§ WORK ITEM: Leave every image behind and restate the data word for word.

§ DATA EXTRACT:
- Opening Delimiter -
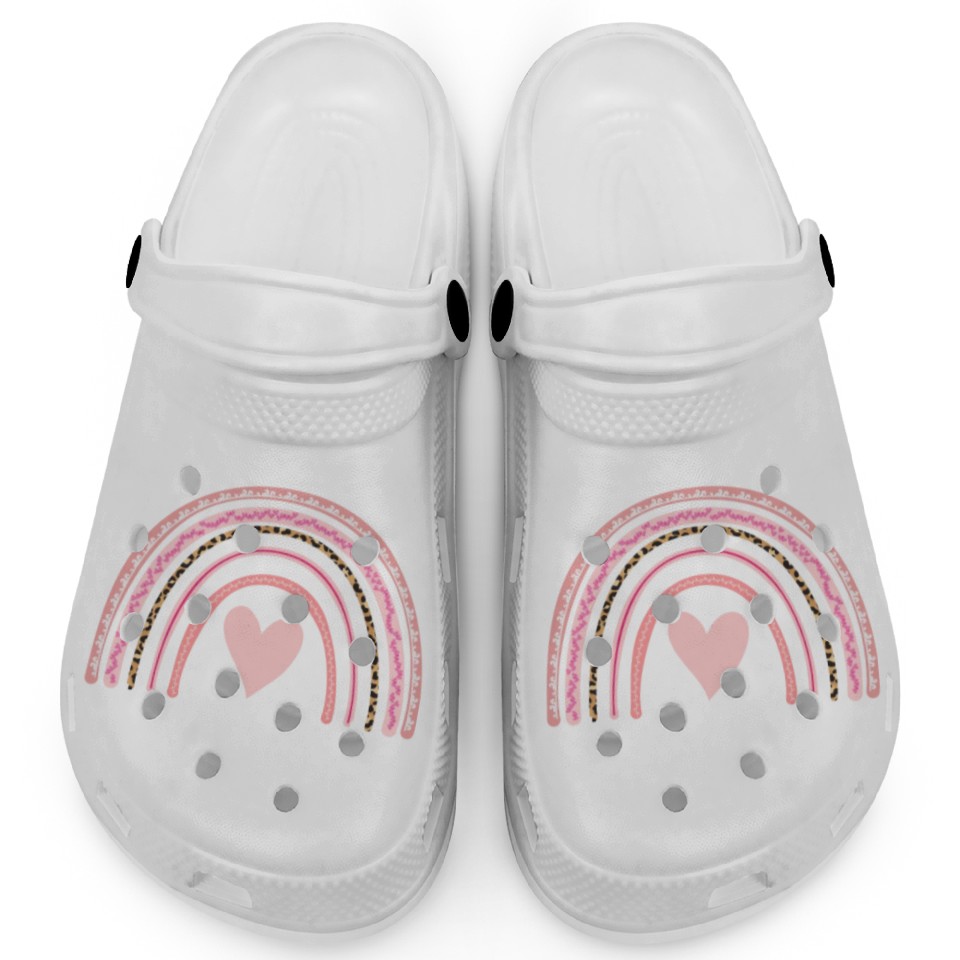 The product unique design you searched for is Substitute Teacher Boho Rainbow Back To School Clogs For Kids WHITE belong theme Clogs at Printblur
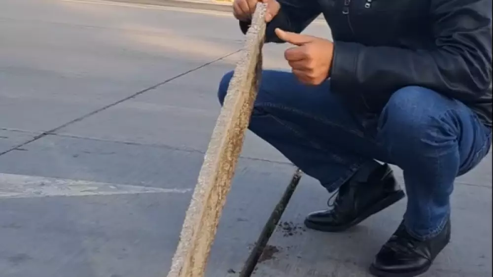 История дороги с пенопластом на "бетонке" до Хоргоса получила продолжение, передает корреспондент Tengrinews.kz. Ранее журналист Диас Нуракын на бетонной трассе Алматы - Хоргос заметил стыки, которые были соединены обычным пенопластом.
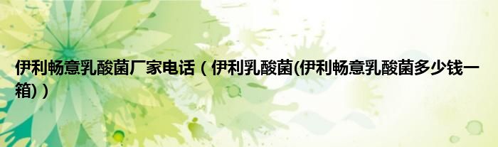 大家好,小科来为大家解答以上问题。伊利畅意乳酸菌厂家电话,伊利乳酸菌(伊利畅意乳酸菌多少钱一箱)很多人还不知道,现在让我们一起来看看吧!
- Closing Delimiter -
§ EXERCISE SOLUTION:
 The product unique design you searched for is Substitute Teacher Boho Rainbow Back To School Clogs For Kids WHITE belong theme Clogs at Printblur
 История дороги с пенопластом на "бетонке" до Хоргоса получила продолжение, передает корреспондент Tengrinews.kz. Ранее журналист Диас Нуракын на бетонной трассе Алматы - Хоргос заметил стыки, которые были соединены обычным пенопластом.
 大家好,小科来为大家解答以上问题。伊利畅意乳酸菌厂家电话,伊利乳酸菌(伊利畅意乳酸菌多少钱一箱)很多人还不知道,现在让我们一起来看看吧!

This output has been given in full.